Кто засунул две прищепки для белья мне в голову? Я чувствую их. Они там, за глазными яблоками. Когда я смотрю в потолок, боль делается еще сильнее. А ведь если подумать, то протащить в череп прищепки для белья не так-то и просто. Как это делается? Через уши? Через нос?

— Да хватит цирк устраивать! — вопит Болтун.

Это тот самый голосок, который иногда прорывается сквозь мои барабанные перепонки то с правой, то с левой стороны. Между прочим, боль с такой силой сверлит виски, что я думаю, уж не натянул ли Болтун себе ночью гамак меж двух прищепок? Этот подлец вполне способен на нечто подобное…

— Болтун, что ты так орешь? Ты думаешь, я оглохла?

— Я не ору, просто у тебя похмелье! Еще бы ему не быть, вспомни, сколько ты вчера выхлебала? А историю про прищепки выкинь из головы. Смотри на вещи трезво, и тебе станет легче!

— Извини, ты что, забыл про общий настрой на свадьбе Эдит Поншон? Скажи на милость, что еще мне было там делать, кроме как пить? И мама все повторяла словно заведенная, что Эдит ужасно похорошела! Ужасно, это ужасно! Обвинение! Приговор!

— Ну — у-у… Это не алиби, не мама ведь твоя бокал за бокалом в себя заливала. Когда она тебя в такси заталкивала, глаза у нее, кстати, были как у питона.

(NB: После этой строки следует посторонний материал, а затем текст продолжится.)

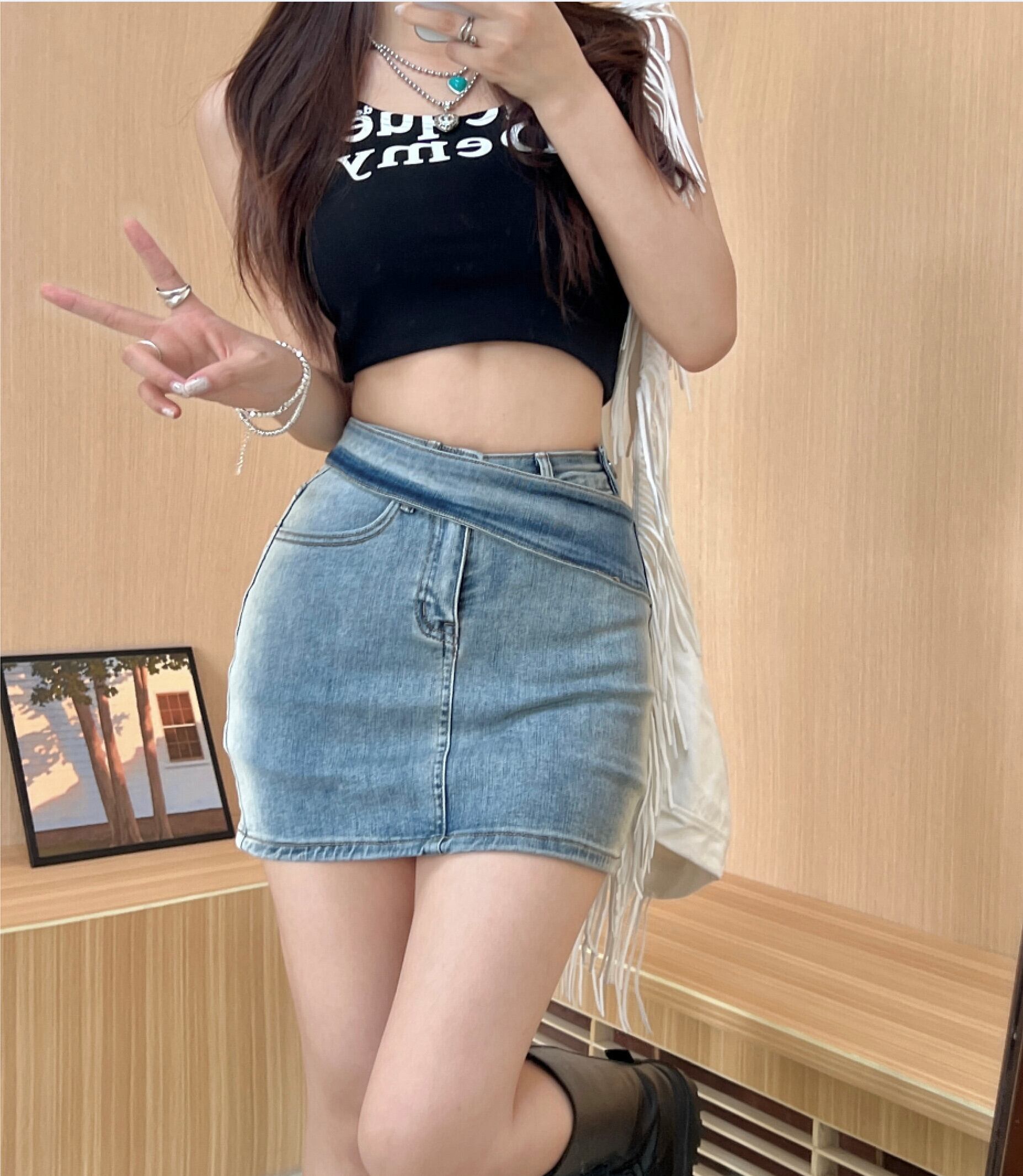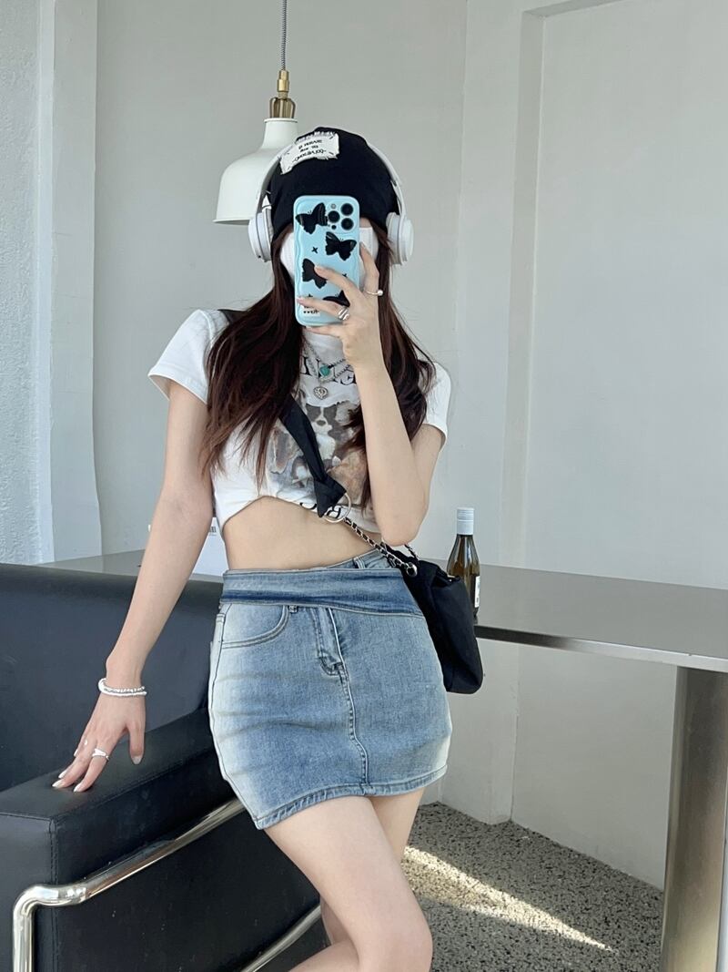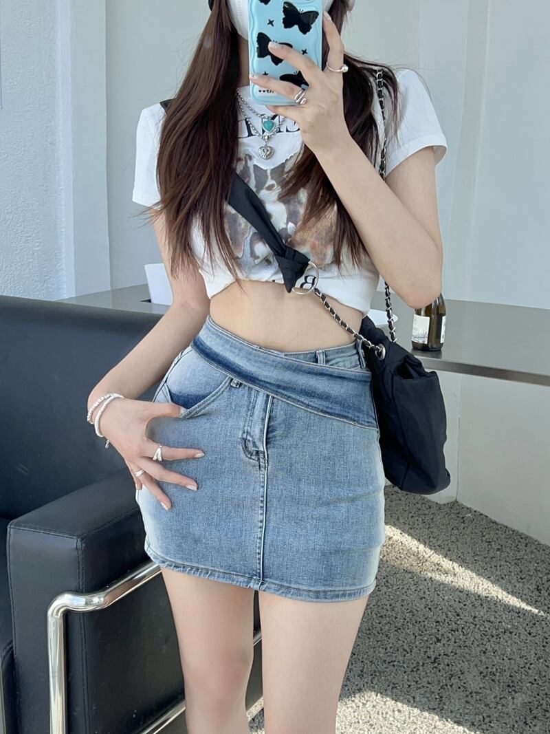 ブルーレトロデニムスカートパンツ女性夏香港スタイルAラインハイウエストセクシーオールマッチバッグヒップショートスカート ハイウェスト サマー 夏物 bstraw24886275371 | beaute25

— К счастью, этого я уже не видела. А вот Этьена, старшего брата Эдит, я рассмотрела как следует. Это ведь моя первая любовь! Он мне в свое время казался таким романтичным, когда пел ирландские баллады, пощипывая струны купленной по случаю гитары… Теперь у него седые виски, четверо детей и жена, похожая на драгуна. Поверишь ли, Этьен — учитель физики и химии! Когда он наконец подошел со мной поздороваться… Неужели так долго не мог узнать меня, или я тоже настолько сильно изменилась? Так вот, когда он подошел, я выпила уже, наверное, литра два. Он быстро откланялся. Наверное, подумал, что был совершенно прав, когда не искал со мной встречи после нашего переезда… А Иза, Изу ты узнал? Маленькая она была такая забавная со своим вздернутым носиком и нелепыми идеями. Теперь — прямо гранд-дама. Вся картонная какая-то. Муж — чиновник. Даже нос у нее расплющился. Рассказала мне о своей жизни. После первых трех фраз я готова была лезть на стену. Неужели этого недостаточно, чтобы порядочно надраться?

— Надо бы тебе поспать.

— Я попытаюсь. А ты со мной больше не разговаривай, ладно?

— Заметано!


10 АПРЕЛЯ, ПОНЕДЕЛЬНИК

С тех пор как Мари-Анник из приемной узнала, что брачные узы внезапно упали с плеч нашего шефа, она места себе не находит. Натали из производственного отдела думает, что тут нет никакой связи, но я уверена, что есть. Мари-Анник без памяти влюблена в Машара! Для меня это очевидно. Она уже видит себя госпожой Машар, занявшей ничейную подушку. Она сменила стиль. Сегодня надела темно-красные босоножки, браслет со стразами на щиколотку поверх черных чулок в сеточку и сделала пышную прическу, требовавшую, по моему не очень компетентному, но все же мнению, многочасовой подготовки. Все время говорит со мной о Машаре, называя его Патриком.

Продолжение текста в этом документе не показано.